[[ SUPPLIED ENTRIES, beginning ]]

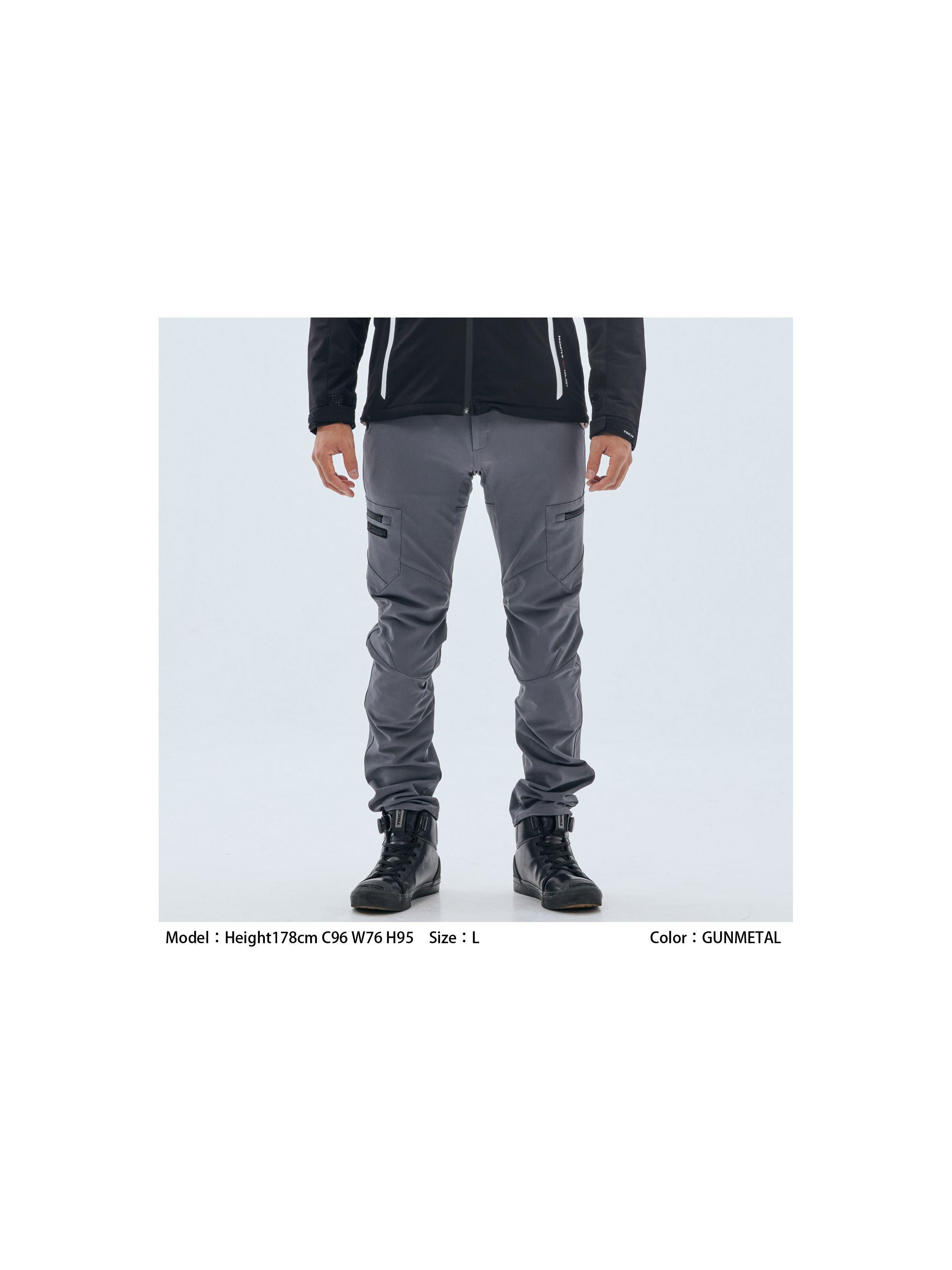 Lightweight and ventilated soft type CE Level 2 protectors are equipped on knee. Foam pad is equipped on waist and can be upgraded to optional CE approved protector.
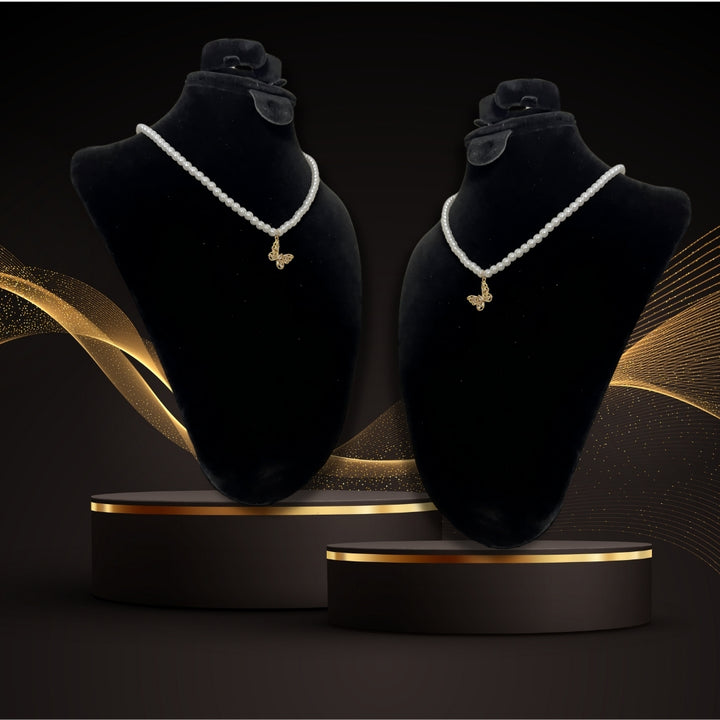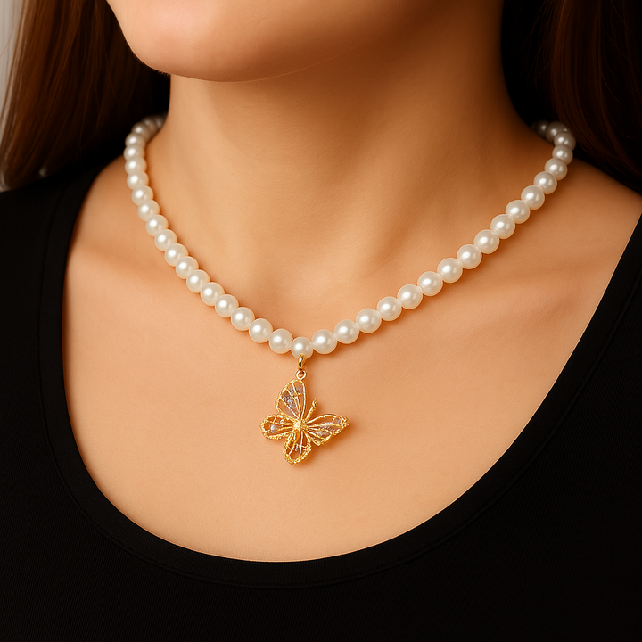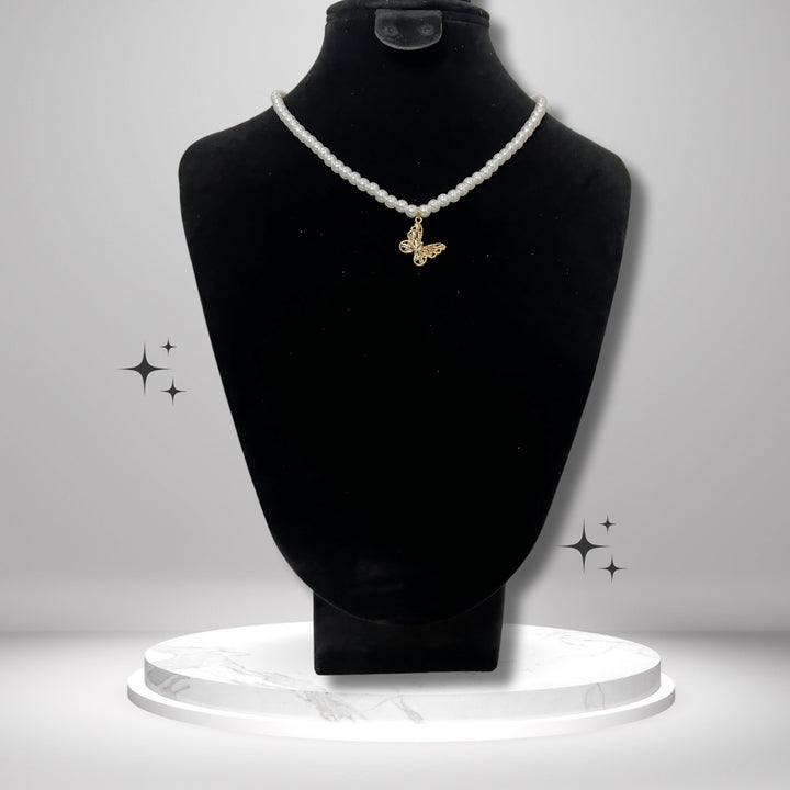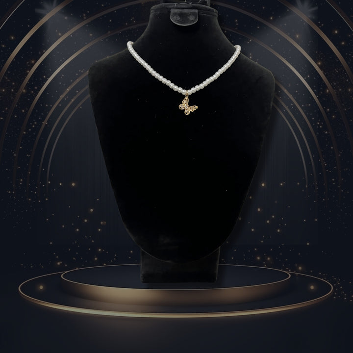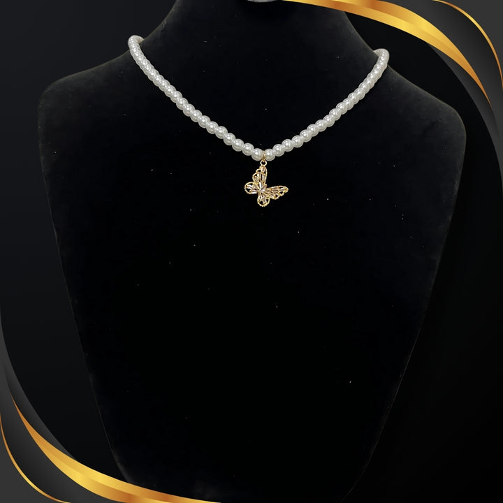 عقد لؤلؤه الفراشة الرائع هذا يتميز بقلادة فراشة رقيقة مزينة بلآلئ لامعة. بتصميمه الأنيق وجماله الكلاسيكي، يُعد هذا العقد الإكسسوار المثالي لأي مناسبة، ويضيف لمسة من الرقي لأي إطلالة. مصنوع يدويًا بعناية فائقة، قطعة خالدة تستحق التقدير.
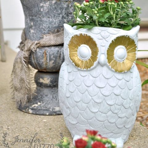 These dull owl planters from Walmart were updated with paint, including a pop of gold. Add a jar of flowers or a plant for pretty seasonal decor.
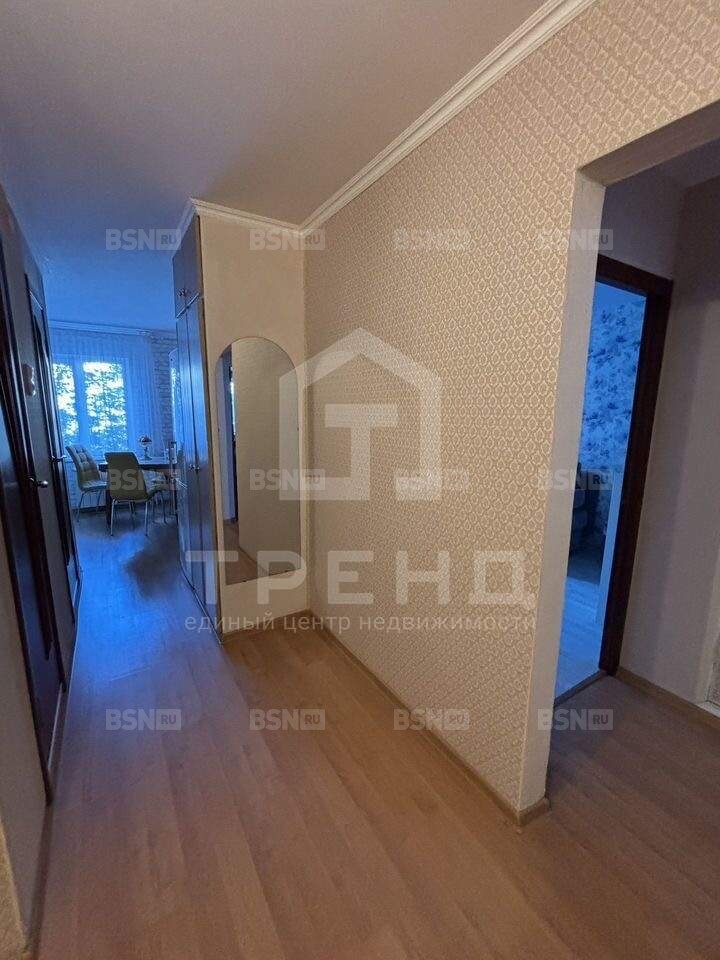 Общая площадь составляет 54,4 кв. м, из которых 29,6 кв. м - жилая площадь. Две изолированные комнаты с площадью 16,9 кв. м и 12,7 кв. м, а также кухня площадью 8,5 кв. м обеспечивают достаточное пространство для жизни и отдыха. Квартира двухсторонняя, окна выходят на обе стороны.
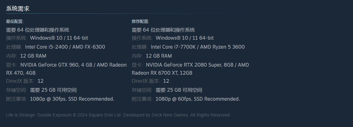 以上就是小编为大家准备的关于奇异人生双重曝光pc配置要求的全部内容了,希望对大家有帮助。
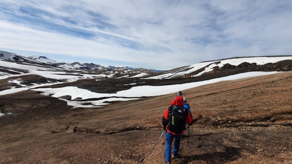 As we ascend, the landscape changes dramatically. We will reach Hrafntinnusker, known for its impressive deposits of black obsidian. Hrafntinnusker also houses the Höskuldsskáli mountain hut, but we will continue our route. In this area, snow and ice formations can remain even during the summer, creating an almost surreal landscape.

[[ SUPPLIED ENTRIES, end ]]
[[ SUPPLIED ENTRIES, beginning ]]

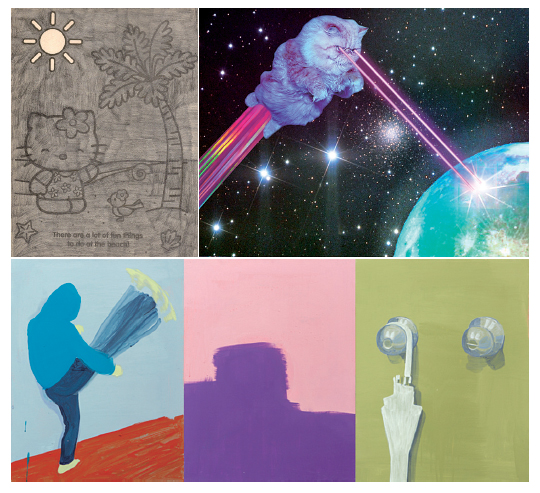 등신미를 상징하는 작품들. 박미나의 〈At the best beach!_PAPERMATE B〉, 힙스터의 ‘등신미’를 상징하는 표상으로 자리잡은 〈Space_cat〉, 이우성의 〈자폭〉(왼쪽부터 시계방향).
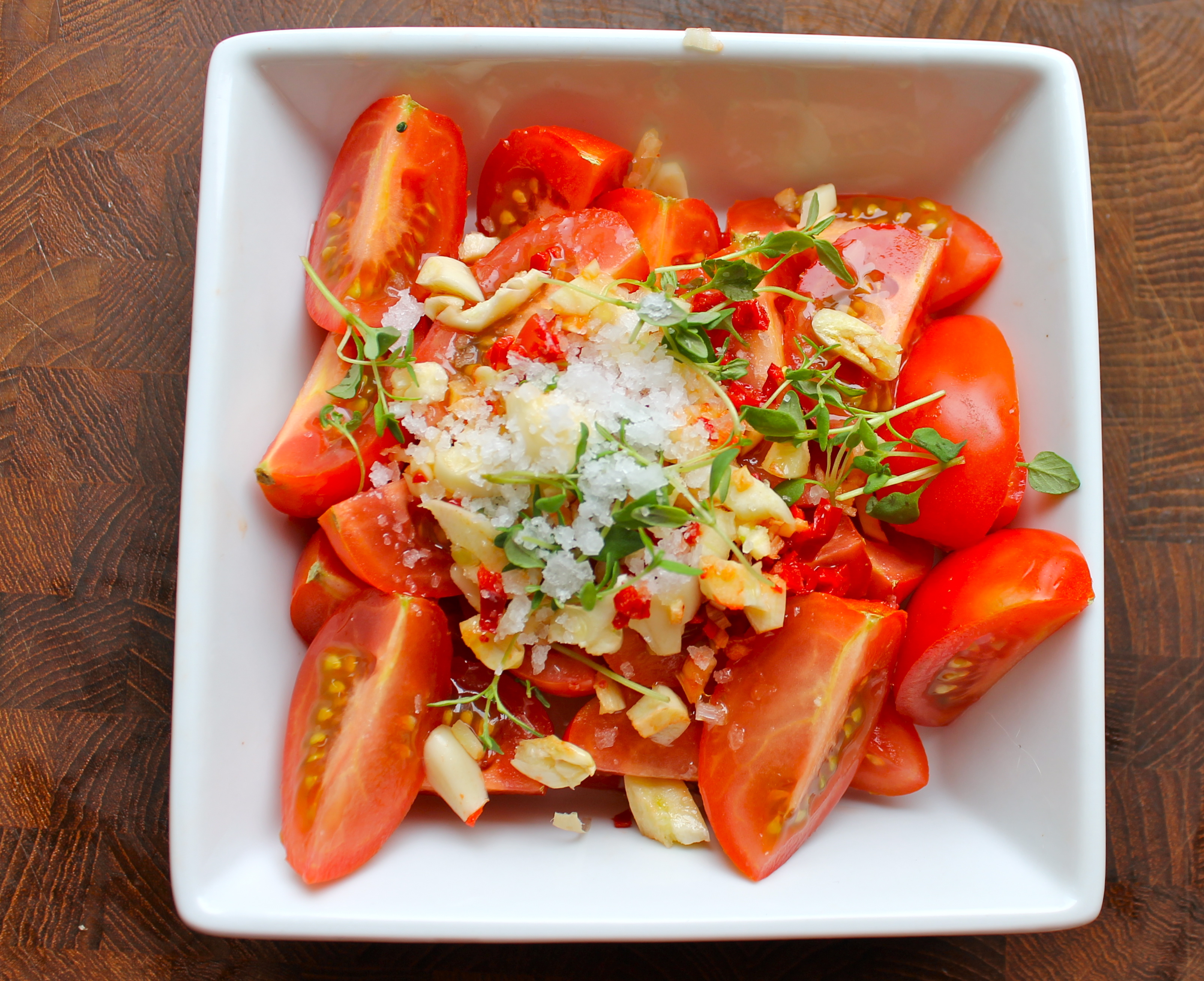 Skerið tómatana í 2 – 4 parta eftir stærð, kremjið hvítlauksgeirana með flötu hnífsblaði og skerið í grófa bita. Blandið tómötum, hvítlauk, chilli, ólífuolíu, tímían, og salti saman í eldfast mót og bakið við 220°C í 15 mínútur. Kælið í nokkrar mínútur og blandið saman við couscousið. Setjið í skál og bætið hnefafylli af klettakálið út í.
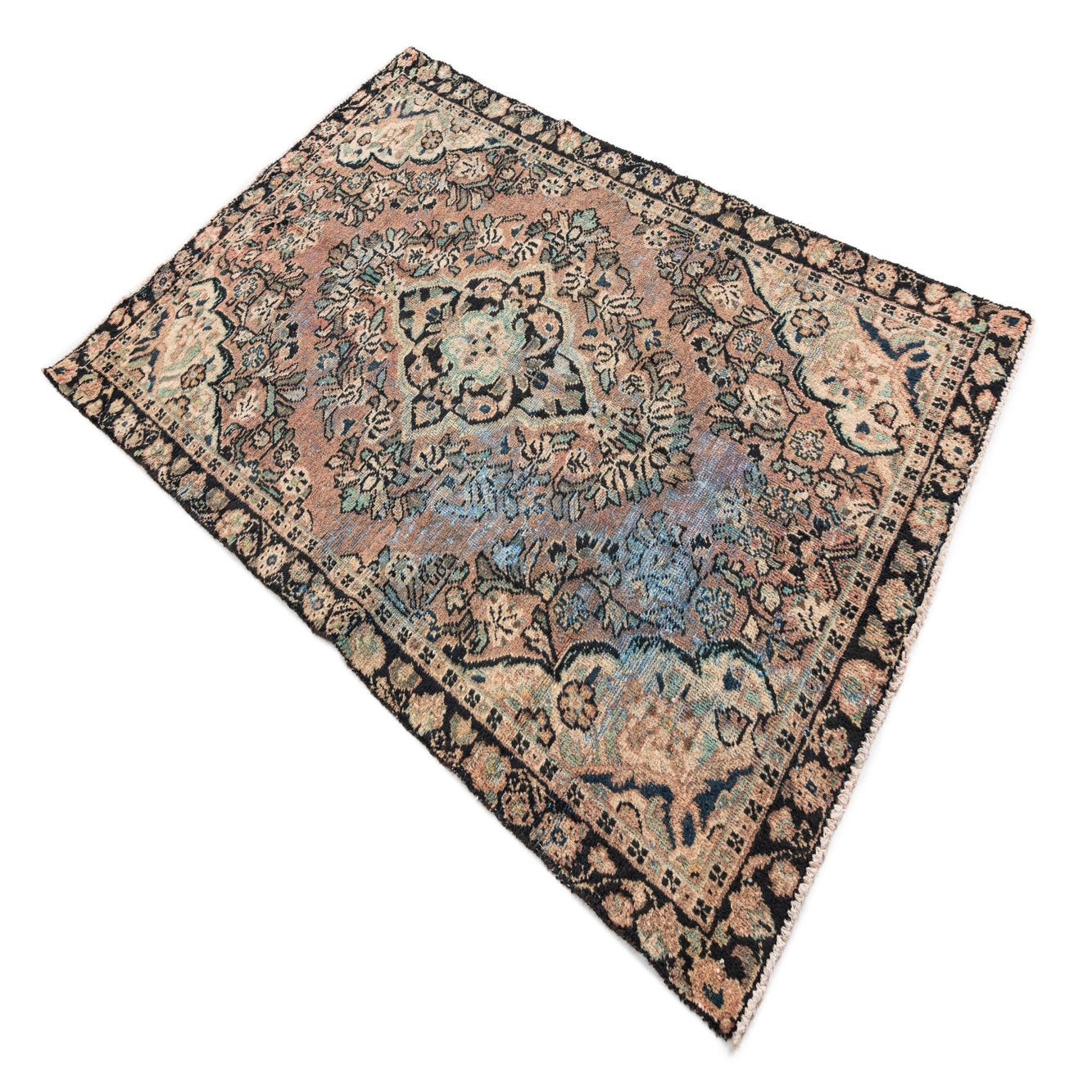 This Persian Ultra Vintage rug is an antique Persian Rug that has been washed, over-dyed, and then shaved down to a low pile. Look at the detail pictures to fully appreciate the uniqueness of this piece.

[[ SUPPLIED ENTRIES, end ]]
[[ SUPPLIED ENTRIES, beginning ]]

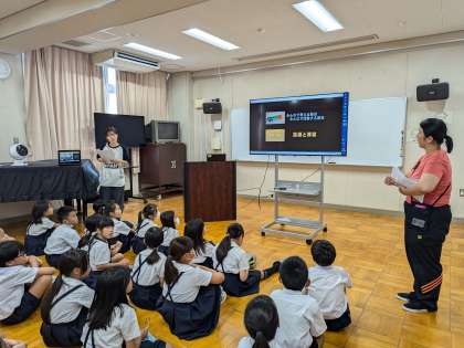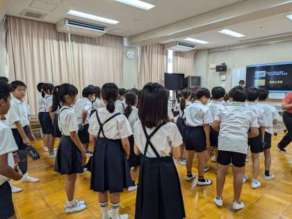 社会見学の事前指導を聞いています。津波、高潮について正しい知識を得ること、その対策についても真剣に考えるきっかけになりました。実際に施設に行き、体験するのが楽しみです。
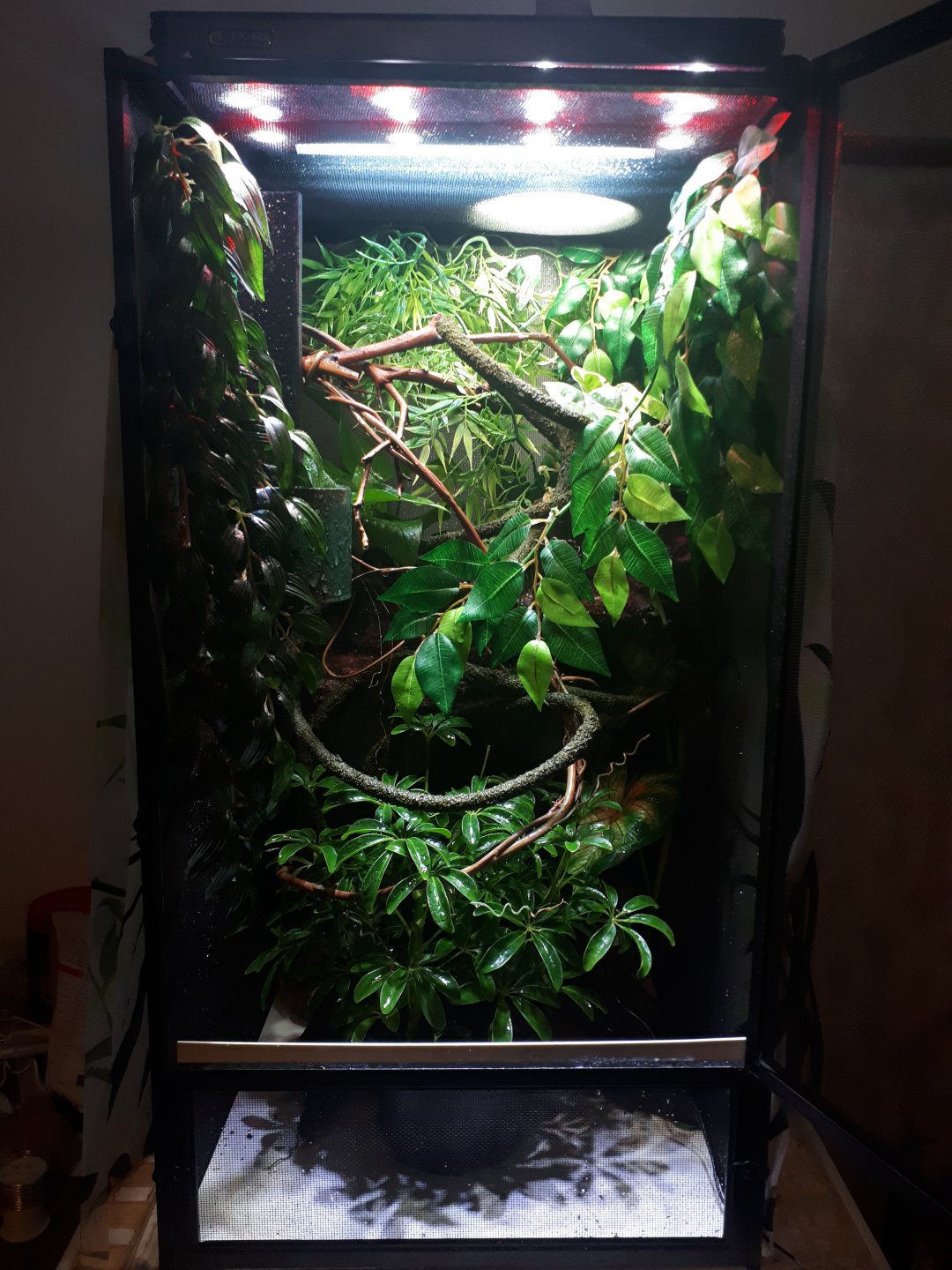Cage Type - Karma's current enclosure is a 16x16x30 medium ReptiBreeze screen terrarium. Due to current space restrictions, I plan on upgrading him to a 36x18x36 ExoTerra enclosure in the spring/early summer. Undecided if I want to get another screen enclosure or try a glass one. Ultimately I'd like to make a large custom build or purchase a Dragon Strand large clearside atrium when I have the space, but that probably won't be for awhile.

[[ SUPPLIED ENTRIES, end ]]

# [GOAL OF THE EXERCISE]
Find the line with "Lightweight and ventilated" in the entries above. Set down exactly every line from it up to and including the line with "以上就是小编为大家准备的关于", images excluded.

# [RESPONSE BOX]
 Lightweight and ventilated soft type CE Level 2 protectors are equipped on knee. Foam pad is equipped on waist and can be upgraded to optional CE approved protector.
 عقد لؤلؤه الفراشة الرائع هذا يتميز بقلادة فراشة رقيقة مزينة بلآلئ لامعة. بتصميمه الأنيق وجماله الكلاسيكي، يُعد هذا العقد الإكسسوار المثالي لأي مناسبة، ويضيف لمسة من الرقي لأي إطلالة. مصنوع يدويًا بعناية فائقة، قطعة خالدة تستحق التقدير.
 These dull owl planters from Walmart were updated with paint, including a pop of gold. Add a jar of flowers or a plant for pretty seasonal decor.
 Общая площадь составляет 54,4 кв. м, из которых 29,6 кв. м - жилая площадь. Две изолированные комнаты с площадью 16,9 кв. м и 12,7 кв. м, а также кухня площадью 8,5 кв. м обеспечивают достаточное пространство для жизни и отдыха. Квартира двухсторонняя, окна выходят на обе стороны.
 以上就是小编为大家准备的关于奇异人生双重曝光pc配置要求的全部内容了,希望对大家有帮助。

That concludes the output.